Ein Briefbogen als Dokumentvorlage, geht das? Ohne Zweifel: Word, Excel, PowerPoint, das ganze OpenOffice-Paket oder auch iWorks, in aktuellen Kommunikationsumgebungen sind diese Tools unverzichtbar. Als Designer haben wir gelernt: ein Corporate Design soll sich in jedem Kommunikationsprozess manifestieren, durch alle Medien ziehen. Wie also geht der Designer mit Office-Software um und was sollte der klassische Office-User wissen um Rechnungen, Briefe und Präsentationen auch unter ästhetischen und kommunikationsfördernden Gesichtspunkten zu erstellen? Thema des Vortrags sind dabei nicht die Office-Tools in all ihrer technischen Funktionalität. Es geht darum Hemmschwellen abzubauen, für die unterschiedlichen Programmansätze zu sensibilisieren und Gestaltungsmöglichkeiten aufzuzeigen.
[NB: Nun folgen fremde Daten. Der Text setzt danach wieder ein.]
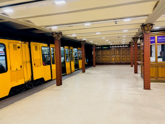 - Metro. Esta es la mejor opción para moverse de un punto a otro de Budapest. Transporte rápido y económico, pero aquí es importante que sepas que el acceso no tiene tornos de entrada. Para entrar al metro tienes que comprar un ticket en las máquinas de las estaciones y validarlo. Esto es imprescindible si no quieres que te multen. Y ojo, porque verás un montón de revisores que están súper pendientes de los turistas que no pagan su billete.
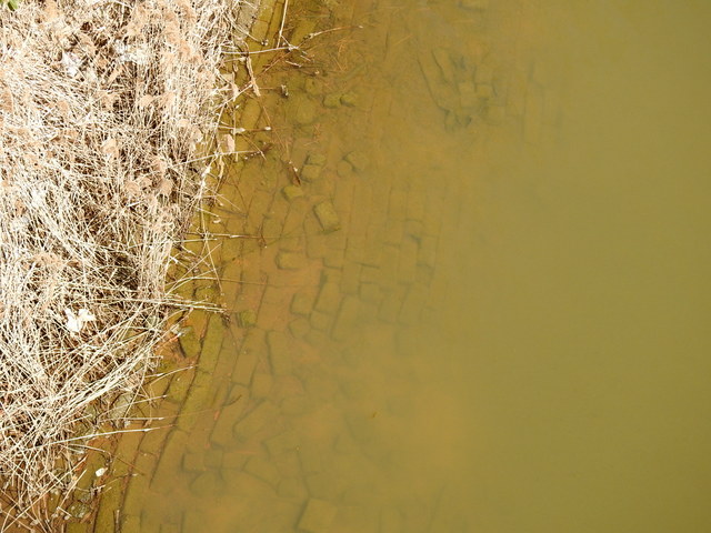 (b) は東屋の手前。いまなお護岸の役割をしっかり果たしていると思われ,"遺構"というには忍びない。
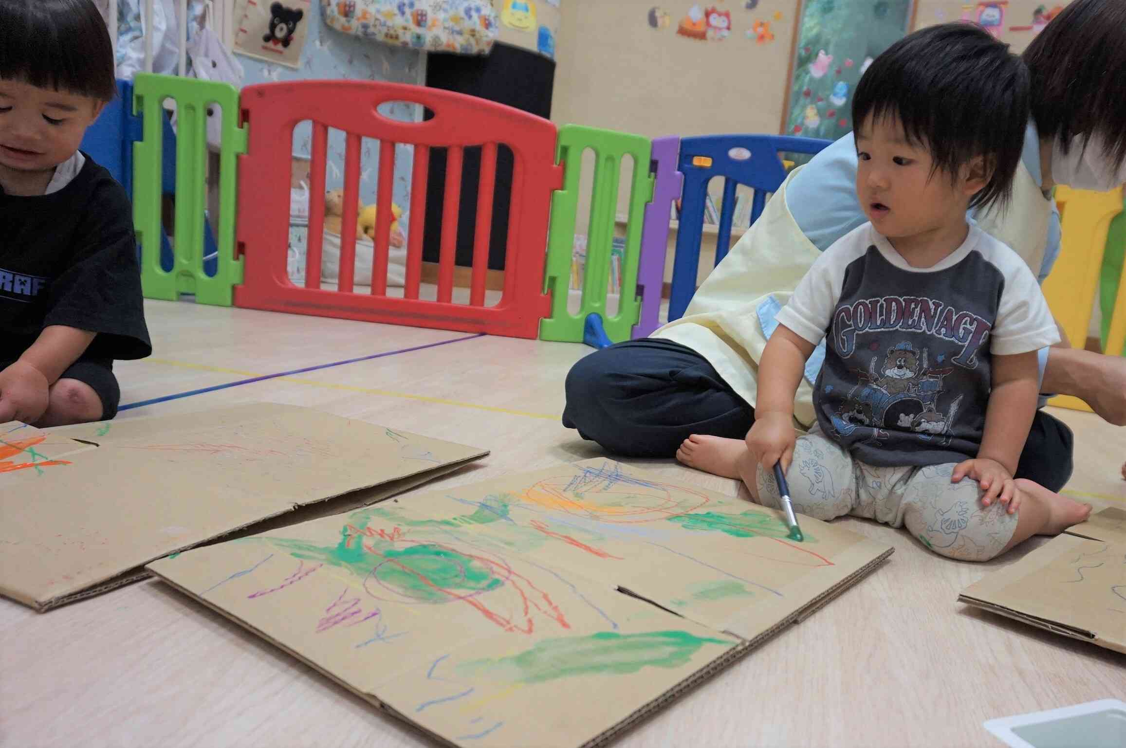 0歳児さんも筆でぬりぬり楽しそうです♪
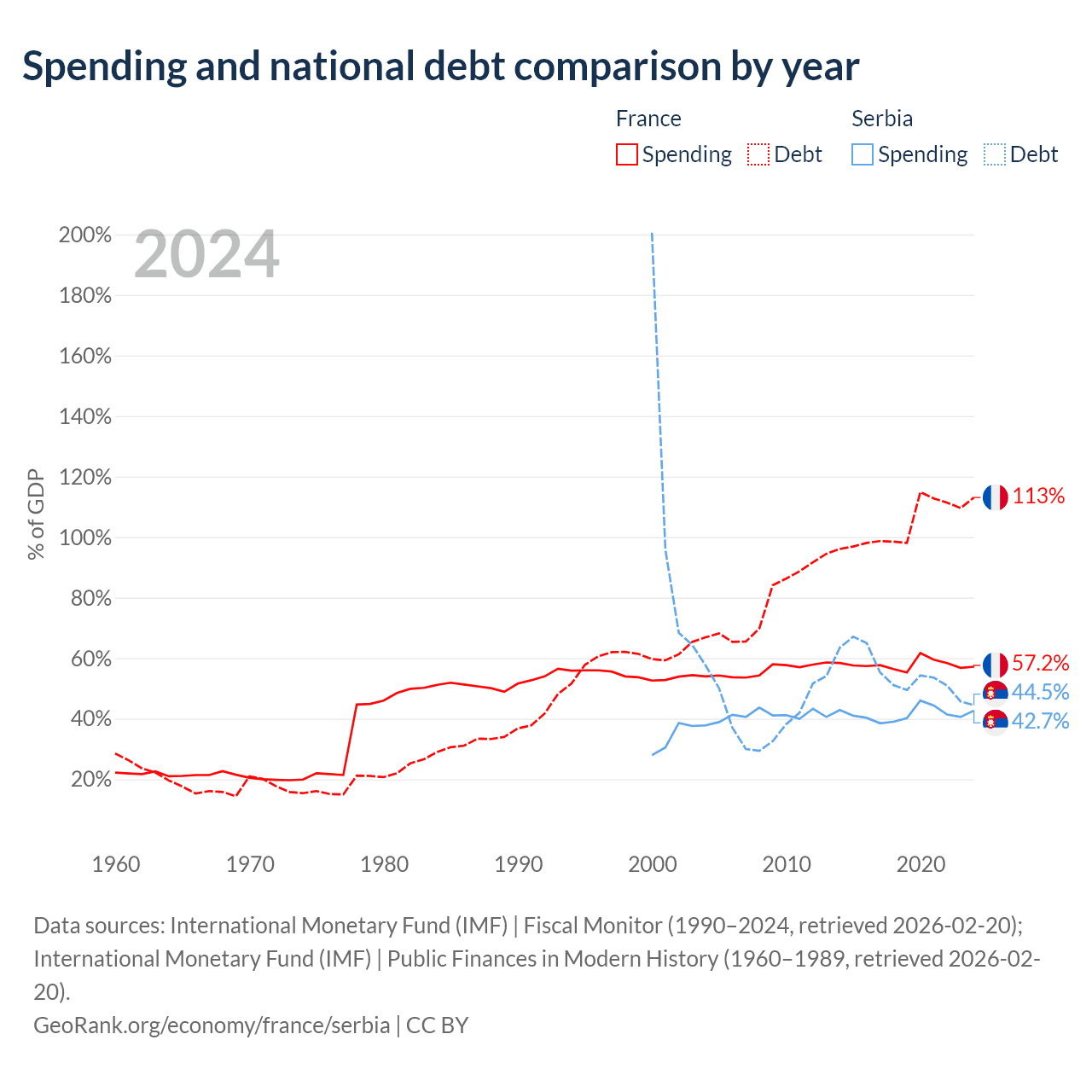 France has $3.58T in government debt (113.1% of GDP), compared to $40.1B (44.5% of GDP) in Serbia.
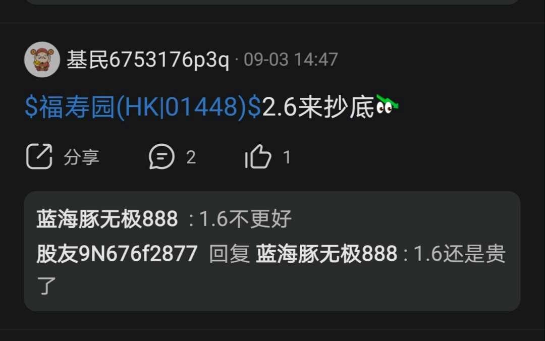 首先,这些人这么极端,我也不知道是真傻还是假傻,特别是说福寿园要跌到0.5港币的那位,要知道2024年福寿园一年的分红就已经达到了0.547港币了,如果股价跌到0.5港币,那么分红后股价就会变成负数了,那么任何人都能不费吹灰之力就把整个公司买下来,等于是有人把几十亿送给你,你觉得这是有可能的事吗?
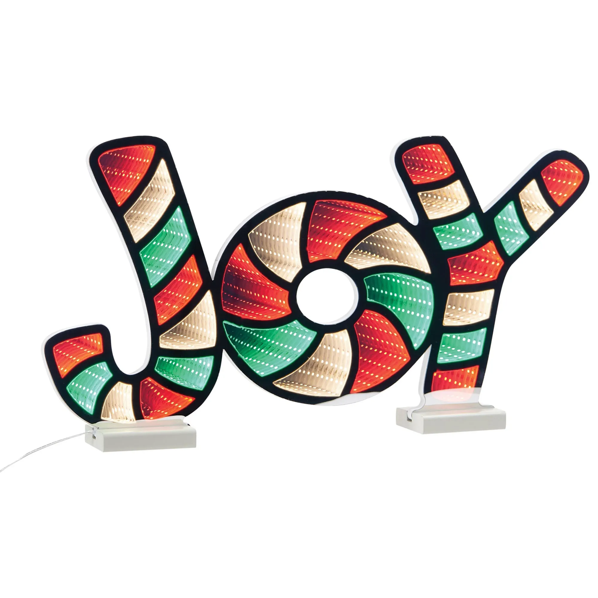 Spark winter wonder in your space with the Joy LED Infinity Light. Crafted from acrylic, the unique LED light has bold letters with red, green, and white stripes. UL listed. Indoor use only. Overall, the decorative holiday light measures approx. 25"Wx.05"Dx12.75"H; the gray wooden bases are each 4"Wx2.5"D.
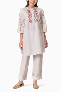 This white ensemble features a straight kurta with intricate floral embroidery on the front, adding a burst of color. The kurta's 3/4th sleeves are designed with delicate cutwork that complements the floral pattern, giving it a sophisticated and elegant touch. Paired with matching straight pants adorned with subtle embroidery at the hem, this outfit is a perfect blend of modern style and traditional craftsmanship.
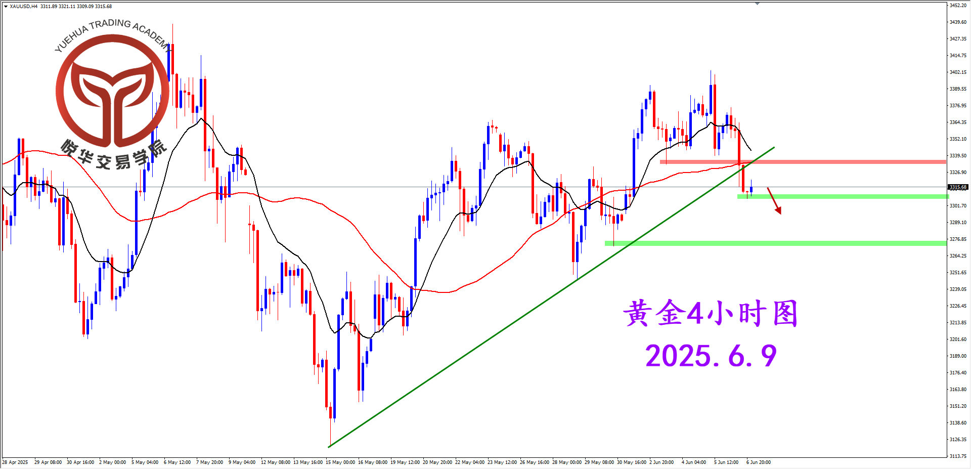 黄金4小时图,行情调整后坚决破位走弱,并且持续收弱阴线,奠定了短期空头基调,横盘头部调整后坚决破位直接走出完整的空头技术形态链,后市寻求做空的机会形态。
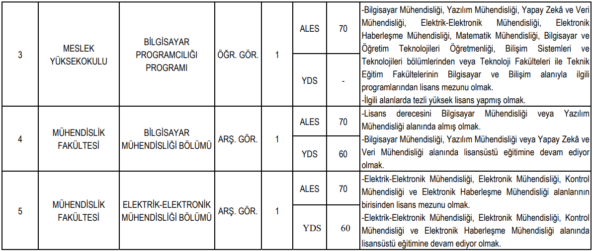 Bilgisayar mühendisliği, yazılım mühendisliği, yapay zekâ ve veri mühendisliği, elektrik-elektronik mühendisliği, inşaat mühendisliği, robotik ve otonom sistemler mühendisliği gibi birçok alanda doktor öğretim üyesi kadroları açıldı.
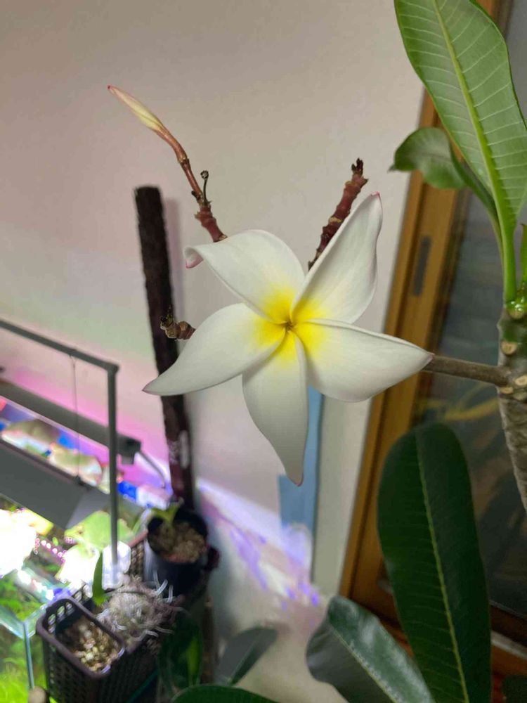 実際は直径7cmと小さいですが真冬に自宅でプルメリア見れて幸せ気分です(*´ω`*)
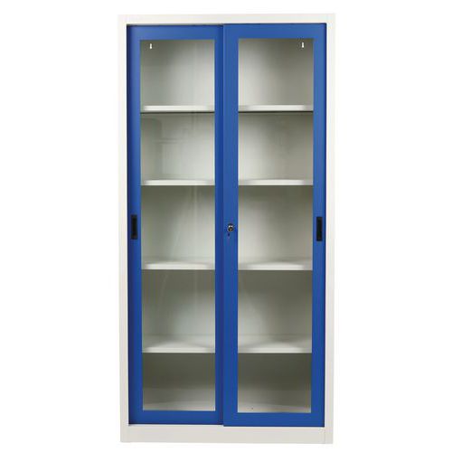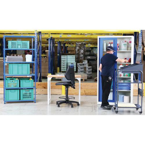 - Zvárané skrine so štyrmi výškovo prestaviteľnými policami.
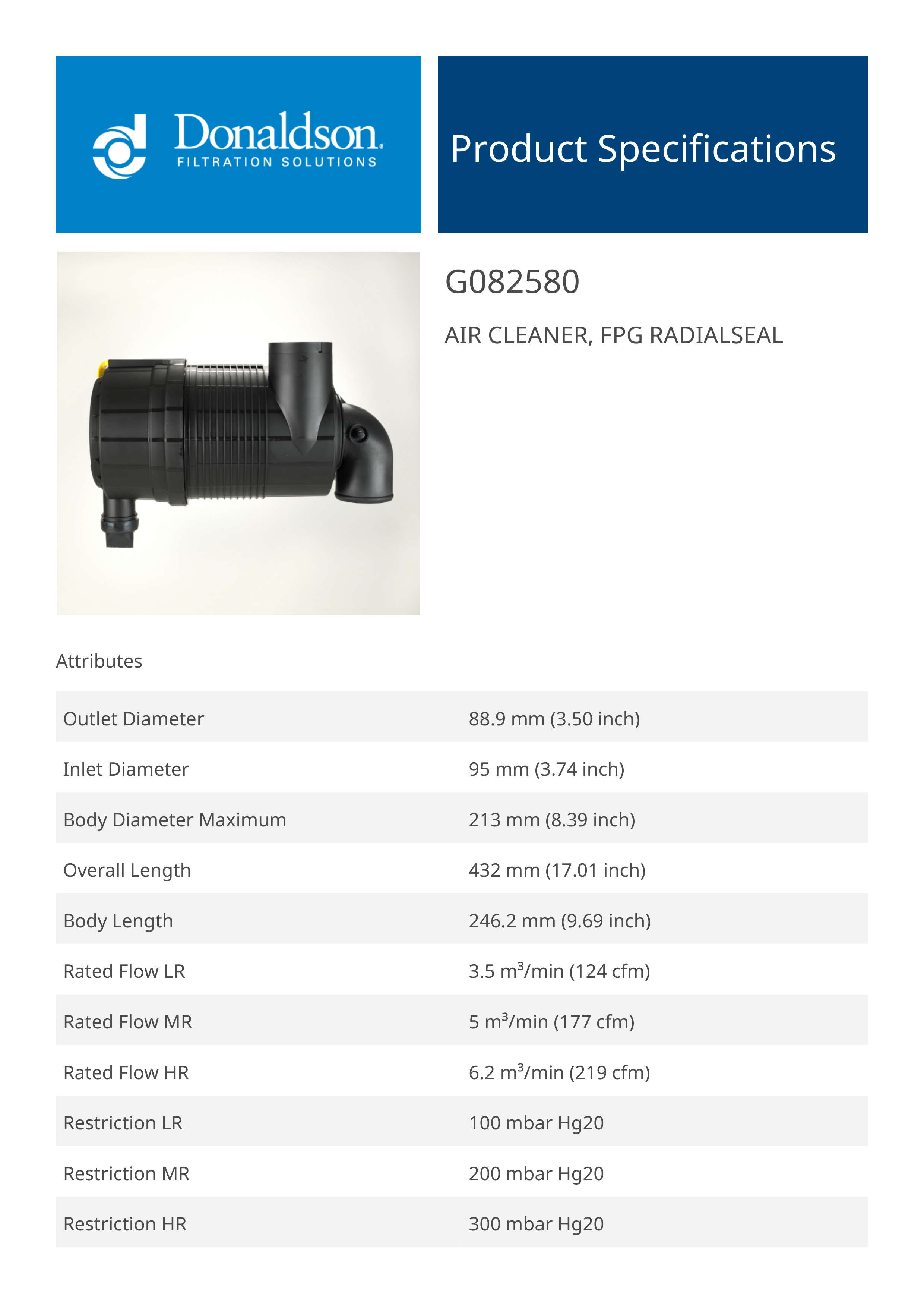 Genuine Donaldson G082580 Air Cleaner, Fpg Radialseal is designed to provide reliable performance in air cleaner, fpg radialseal applications. Built with high-quality materials, it ensures consistent functionality and durability.

Zielgruppe sind einerseits Designer die für ihre Kunden Geschäftsausstattungssysteme gestalten und dabei berücksichtigen, dass ein gut gestalteter Briefbogen niemals ohne Inhalt kommuniziert. Andererseits Office-User die wissen, dass der Inhalt von Kommunikation („was sage ich“) nicht von der Form („wie sage ich es“) zu trennen ist. Das Anschreiben, Rechnungsformulare, Businesspläne oder auch eine Monitorpräsentation dem CD entsprechen, sollte unser aller Ziel sein. Wieviel virtuelle Gestaltung ist dabei „Muss“ und wieweit kann man gehen ohne gestalterische Mindestansprüche zu vergewaltigen?

Mik Schulz (Jahrgang 1963) startete nach Studium an der FH Dortmund 1991 als klassischer Grafik-Designer in einer Werbeagentur und war maßgeblich für den Aufbau der DTP-Abteilung verantwortlich. Seit 2002 ist er kreativer (Konzeption, Layout, Illustration) wie technischer (Satz, Reinzeichnung, Druckvorstufe, Software-Schulung) Ansprechpartner für Verlage, Agenturen und eigene Kunden. Im Bereich Corporate Design geht seine Dienstleistung bis zur Implementierung in Office- und Spezial-Softwares (zum Beispiel Praxisverwaltungstools). 2006 organisierte er die Ausstellungsreihe „Design-von-hier“ der AGD Regionalgruppe Dortmund/Ruhr. Seit 2007 ist er im Sprecherteam der AGD Regionalgruppe Dortmund/Ruhr und Mitinitiator und -organisator des „Langen Donnerstag“, einer Reihe von Infoveranstaltung (nicht nur) für Kommunikationsdesigner. 2010 war er Projektautor und Mitorganisator von „Ruhrpost.2010“, die Kreativkampagne der AGD im Rahmen des Kulturhauptstadtjahres.